И когда они выезжали из ворот замка, конюх отсалютовал своему другу Стефану. Они были ровесниками, вместе трудились у Бужора и дружили почти с самого детства, поэтому Янко доверял ему во всем. Вот и сейчас Стефан должен был любыми способами покрывать их перед хозяином, если тот внезапно вернулся бы. Погода портилась, порывы холодного ветра становились все сильнее, моросил дождь, но Илинка чувствовала себя настолько счастливой и свободной, что хотела кричать об этом как можно громче. Ветер бил ей в лицо, но глаза ярко сияли, а щеки раскраснелись от свежего воздуха. Все казалось таким прекрасным! И это хмурое небо, и грязная дорога, черная полоса леса вдали, и бескрайнее пустое поле вокруг... Жизнь, оказывается, так чудесна! Как раньше она не замечала этого? В своей нынешней тюрьме немудрено было и вообще забыть что такое жизнь. Она пришпорила коня, и, на первом же повороте обогнав Янко, рассмеялась и поскакала быстрее: – Ну что же? Не может доамна удивить тебя? Тогда догоняй! И девушка вдруг так быстро свернула с дороги в поле напрямик к лесу, что юноша не успел даже опомниться. Он рванул следом, не в силах оторвать от нее восторженного взгляда. Спина ее была горделиво выпрямлена, руки умело направляли поводья, а выбившиеся прядки волос довершали образ самой красивой наездницы. Когда Янко увидел ее впервые несколько дней назад, госпожа показалась ему холодной и отрешенной, а грусть, плескавшаяся в ее глазах, буквально разрывала его сердце. Но сейчас увидев, как Илинка беззаботно смеялась, сам поддавался ее настроению и больше не хотел смущенно молчать в ее присутствии. Девушка была необыкновенной: величественной и простой одновременно, потому восхищаться ею можно было бесконечно. Илинка что-то прокричала ему, но он не разобрал, так как она уже скрылась в лесной чаще.
Деревья сгущались, а многолетние старые ели срастались макушками, не позволяя солнечному свету проникать к земле.

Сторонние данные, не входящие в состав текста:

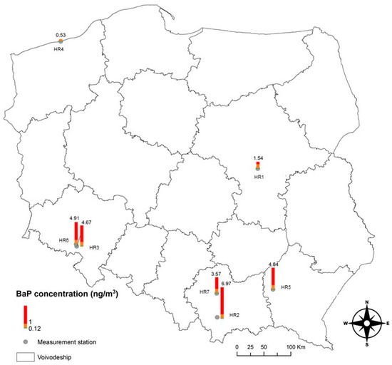 Furthermore, the data clearly demonstrate that the average annual concentrations of BaP in the analyzed HR across Poland significantly exceeded the WHO recommended limit of 0.12 ng/m3. This threshold is established by the WHO to minimize health risks associated with long-term exposure to this carcinogenic compound. Alarmingly high B(a)P concentrations were found in HR such as HR2 at 6.97 ng/m3, HR6 at 4.91 ng/m3, and HR3 at 4.67 ng/m3. These values were over 50 times higher than the WHO’s recommended limit. The data highlight a serious public health concern, as all analyzed locations exceeded the WHO guideline for safe B(a)P levels. Persistent exposure to such elevated concentrations of B(a)P in these HR—which are typically sought after for their clean air and therapeutic environment—could lead to increased risks of cancer and other health problems among the local population and visitors [18,22]. The stark contrast between the observed B(a)P levels and the WHO recommendations underscores the urgent need for targeted interventions to reduce pollution and protect public health in these areas.

От того эту местность было принято обходить стороной — большинство деревьев были сухими и безжизненными, а их ветви сплетались между собой причудливыми сетями, словно охотились на кого-то. Нередко несчастные птицы попадали в плен природных ловушек, и тогда они либо погибали в неволе от муки, либо становились пищей для более крупных животных. Хищников здесь было много... Ведь такой дикий лес был надежным убежищем для зверей, жаждавших обрести укрытие. И только сейчас Янко понял, что госпожа совсем не знает местности и дороги, и нельзя было позволять ей ехать первой. Он пустил коня быстрее, но уже с трудом мог разглядеть круп хозяйской лошади, и крикнул что было сил: – Доамна!!! Будьте осторожнее, сбавьте ход! Дайте мне поехать первым и показать вам дорогу! Юноша знал лес достаточно хорошо для того, чтобы понять в какую сторону скакала его госпожа, и опять закричал: – Нет! Сворачивайте обратно, доамна! Вы слышите меня? Там болото! Болото, слышите? Янко услышал ее ответный крик, который был таким громким, но неразборчивым. Выругавшись себе под нос, он пришпорил коня, и стремглав преодолел расстояние до девушки. Илинка закричала опять, и по спине юноши пробежала дрожь ужаса – он увидел ее. Слишком поздно было сообщать ей о том, что здесь опасно. Лошадь угодила в трясину, причем сразу в самую гущу болота – девушка собиралась перепрыгнуть его, но не сумела. И Янко знал, что время теперь идет на минуты. Эти места в народе называли гиблыми, и черт бы их побрал, откуда он мог знать, что хозяйка наткнется на них?! – Янко!!! Помоги мне! О, Господи... Я... думала, я смогу, – Илинка цеплялась за поводья, а лошадь ее ржала истошным испуганным голосом. – Кажется, мы тонем!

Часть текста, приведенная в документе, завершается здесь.